Problem details: Your output should consist of the data, copied exactly.

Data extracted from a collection
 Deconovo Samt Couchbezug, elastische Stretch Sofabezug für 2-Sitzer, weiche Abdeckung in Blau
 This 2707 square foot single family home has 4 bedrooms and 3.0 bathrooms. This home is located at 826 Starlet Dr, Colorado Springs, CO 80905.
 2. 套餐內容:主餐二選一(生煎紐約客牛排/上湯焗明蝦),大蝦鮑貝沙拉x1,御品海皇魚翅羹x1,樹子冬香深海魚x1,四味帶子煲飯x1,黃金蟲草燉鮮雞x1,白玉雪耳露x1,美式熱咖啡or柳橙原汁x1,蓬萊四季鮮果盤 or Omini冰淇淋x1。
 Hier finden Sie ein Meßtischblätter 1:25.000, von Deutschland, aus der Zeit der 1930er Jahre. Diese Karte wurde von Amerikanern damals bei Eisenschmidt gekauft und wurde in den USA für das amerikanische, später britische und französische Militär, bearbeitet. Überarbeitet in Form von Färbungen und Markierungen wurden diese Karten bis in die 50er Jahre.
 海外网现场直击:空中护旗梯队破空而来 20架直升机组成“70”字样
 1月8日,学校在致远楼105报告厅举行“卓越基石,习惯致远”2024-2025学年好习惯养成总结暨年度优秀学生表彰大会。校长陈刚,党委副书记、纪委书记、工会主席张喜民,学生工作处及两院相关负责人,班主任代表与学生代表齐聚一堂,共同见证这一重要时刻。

Exercise solution:
 Deconovo Samt Couchbezug, elastische Stretch Sofabezug für 2-Sitzer, weiche Abdeckung in Blau
 This 2707 square foot single family home has 4 bedrooms and 3.0 bathrooms. This home is located at 826 Starlet Dr, Colorado Springs, CO 80905.
 2. 套餐內容:主餐二選一(生煎紐約客牛排/上湯焗明蝦),大蝦鮑貝沙拉x1,御品海皇魚翅羹x1,樹子冬香深海魚x1,四味帶子煲飯x1,黃金蟲草燉鮮雞x1,白玉雪耳露x1,美式熱咖啡or柳橙原汁x1,蓬萊四季鮮果盤 or Omini冰淇淋x1。
 Hier finden Sie ein Meßtischblätter 1:25.000, von Deutschland, aus der Zeit der 1930er Jahre. Diese Karte wurde von Amerikanern damals bei Eisenschmidt gekauft und wurde in den USA für das amerikanische, später britische und französische Militär, bearbeitet. Überarbeitet in Form von Färbungen und Markierungen wurden diese Karten bis in die 50er Jahre.
 海外网现场直击:空中护旗梯队破空而来 20架直升机组成“70”字样
 1月8日,学校在致远楼105报告厅举行“卓越基石,习惯致远”2024-2025学年好习惯养成总结暨年度优秀学生表彰大会。校长陈刚,党委副书记、纪委书记、工会主席张喜民,学生工作处及两院相关负责人,班主任代表与学生代表齐聚一堂,共同见证这一重要时刻。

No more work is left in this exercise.